As mayor, he kept the tax rate low and was an effective administrator of the city. He advocated for a better sanitation system in the city, but was hampered by his association with dishonest associates. He also advocated for the creation of the Home for Incurables. Manning called for the creation of the Toronto Volunteers Reception Committee to prepare events for the return of troops from the North-West Rebellion. He also formed a committee to construct a monument commemorating the men who participated in fighting for the government in the rebellion. The monument was erected in 1895. At first, Manning believed that he would be unchallenged in his reelection as mayor, but a growing civic reform movement organised and produced a candidate named William Holmes Howland. Howard, an advocate for the temperance movement, emphasised Manning's presidency of the Toronto Brewing and Malting Company. Manning supported the Daily Mail in their employment dispute against the Toronto Typographical Union, causing the union to campaign against Manning. Manning was unsuccessful in his reelection campaign.

==Post-political career==

Manning participated in several Toronto social organisations, including the Irish Protestant Benevolent Society of Toronto, the St. Patrick's Society of Toronto, and the National Club of Toronto. He was also an investor in Toronto's Grand Opera House, and bought the building when it went bankrupt in 1876. In 1884 he hired E. J. Lennox to design a large office block called Manning Arcade, and also funded the construction of Old City Hall in Toronto. He was a member of the Toronto Board of Trade, a director of the Traders Bank of Canada and the Canadian Bank of Commerce, and president of the Toronto Dry Dock and Shipbuilding Company and the North American Land Company Limited.

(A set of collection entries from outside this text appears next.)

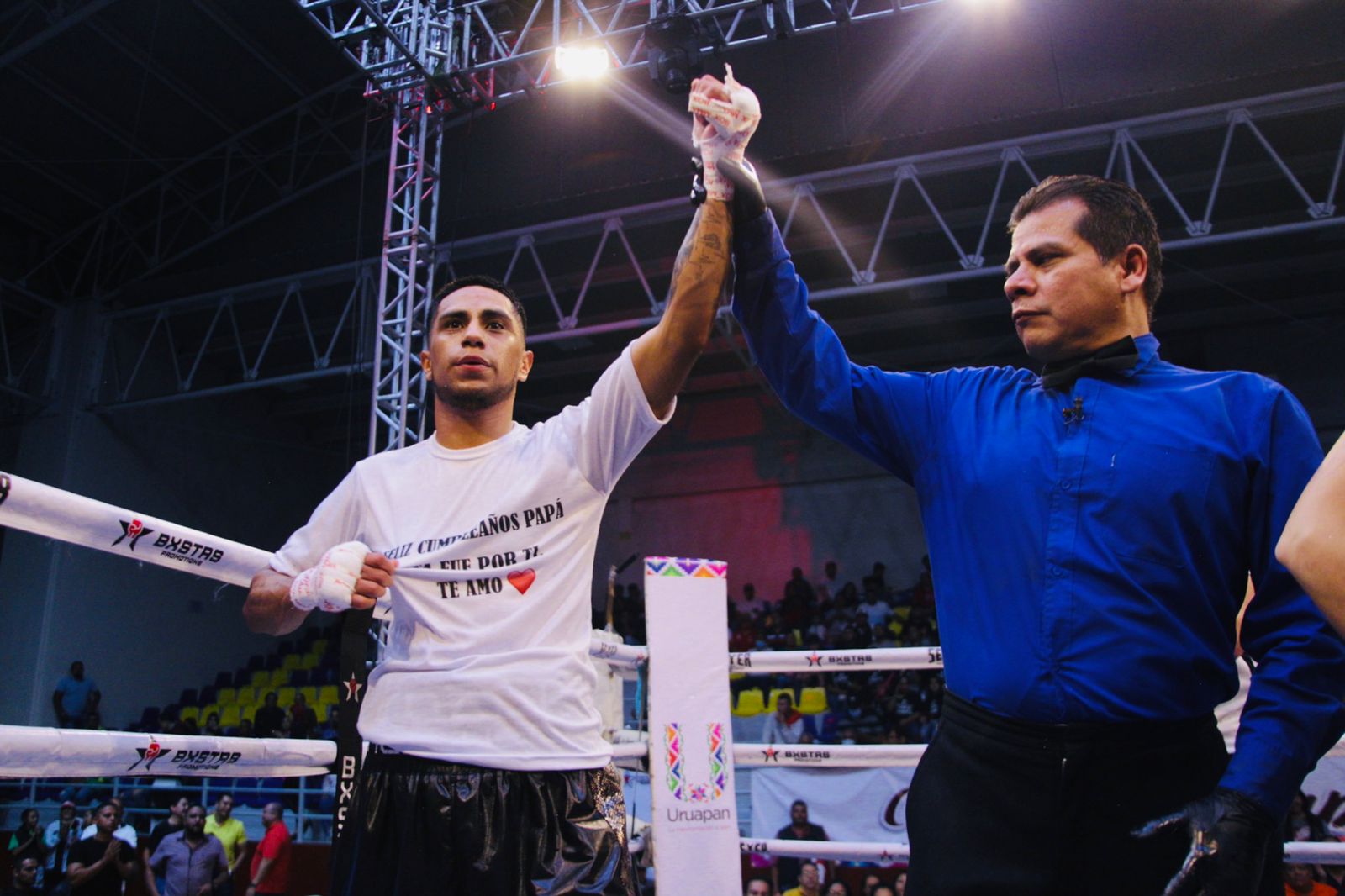 El combate estelar lo ganó por decisión mayoritaria, Jonathan “Titán” Rodríguez, de San Luis Potosí, a Juan Daniel “Tubo” Ramírez, de la Ciudad de México (Cdmx). En una de las contiendas más esperadas por la afición local, el uruapense Víctor Hugo “Bennis” Vázquez, de la colonia Ramón Farías, debutó con éxito en el boxeo profesional, al derrotar por decisión dividida a José “Chino” Linares.
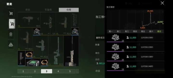 寄卖的价格在周一最低,周四到周日则最高。要是对铁零件有大量需求,同时寄卖市场又不太容易买到,不妨考虑用合理的价格购买箱子来开,不只是旧铁箱可以选择。
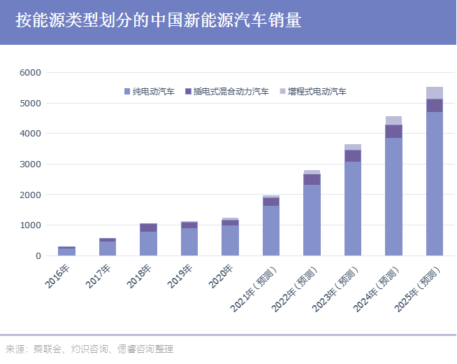 数据显示,增程式电动汽车在2020年-2025年复合增长率为64.7%,在2025年增程车将达到7.3%的市场份额。
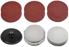 • Cuprins - Setul de accesorii include 2x boneta de lustruire sintetica, 1x atasament pentru spuma si cate 2x hartie de slefuit P60, P80 si P120 si un tampon de lustruire.

==Personal life and death==

Manning married his first wife, Adeline Augusta Whittemore, on 6 February 1850. She died in 1861, and he married his second wife, Susan Celina Smith, later that year on 1 August. He and Smith had two sons and two daughters.

Manning died in Toronto on 20 October 1903. He was buried at St. James Cemetery in a tomb he built for his family. At the time of his death, he was the largest individual ratepayer in Toronto.